Port Angeles City Council discusses Dakota Access Pipeline, signs resolution supporting Lower Elwha tribe

PORT ANGELES — The Port Angeles City Council came short of showing support for the Standing Rock Sioux Tribe in its fight to prevent the Dakota Access Pipeline after some council members said they either didn’t know enough about the issue to have an opinion or they didn’t feel it was Port Angeles business.

Instead, in a 5-to-1 vote, with Councilman Brad Collins absent, the council agreed to sign a resolution supporting the Lower Elwha Klallam Tribe in its efforts to support the Standing Rock Sioux Tribe in fighting Energy Transfer’s $3.7 billion pipeline, which would move 470,000 barrels of domestic crude oil per day from North Dakota’s Bakken region through South Dakota and Iowa into Illinois.

The pipeline crosses tribal ancestral lands and crosses is scheduled to be built under the Missouri River, the tribe’s water source.

Deputy Mayor Cherie Kidd voted against the resolution, saying she had not studied the issue and that it is out of the city’s jurisdiction.

“I do not feel knowledgeable or qualified to support this issue at this time,” she said. “I respect and encourage everyone for their support.”

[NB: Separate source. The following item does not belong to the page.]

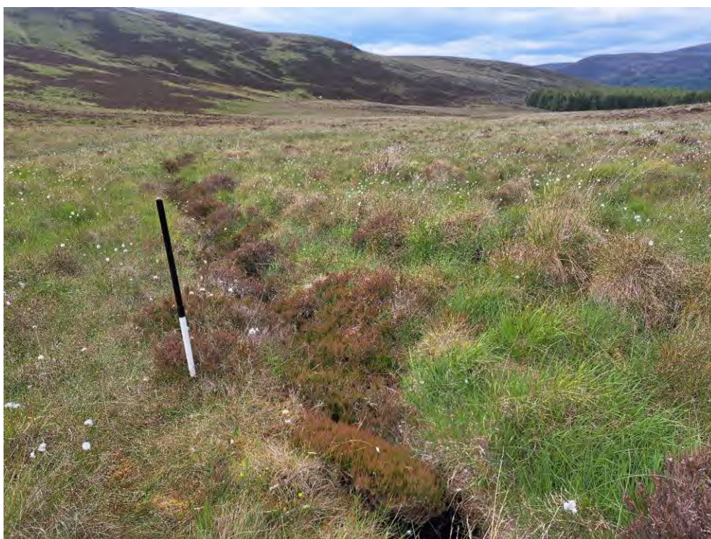
Plate 404: Drain, or peat grip, (Asset 605.6), facing northwest

Lower Elwha Klallam Tribe Chairwoman Frances Charles, who has been to the Standing Rock Sioux reservation, thanked the council for discussing the topic.

She told the council the Dakota Access Pipeline isn’t only an issue in North Dakota but that it affects everyone.

“The fact of it is, it’s a global issue,” she said. “It’s something we have to be conscious of.”

The resolution to support the Standing Rock Sioux Tribe was proposed by Councilwoman Sissi Bruch, who pointed to Tuesday’s protest in downtown Port Angeles as evidence the city should support the tribe.

“It’s an issue about tribal sacred lands,” she said. “I don’t know how everyone here would feel if we put a pipeline through our cemetery.”

Mayor Patrick Downie said he didn’t feel the city should formally show support in an issue happening several states away.

For that reason, he proposed showing support for the Lower Elwha Klallam Tribe’s efforts in supporting the Standing Rock Sioux Tribe.

“I’m trying to find a middle ground here that I can feel comfortable with,” he said. “I want to support our local tribe, but I’m concerned about some of the other issues.”

During public comment following the decision, some criticized the council for stepping back from showing support for the Standing Rock Sioux Tribe.

Arlene Wheeler, director of the Lower Elwha Klallam Tribe’s planning and development department, told the council there might come a time when the city would like support.

“We’re asking for you guys to support not only Standing Rock but the global community,” she said. “To us, water is sacred.”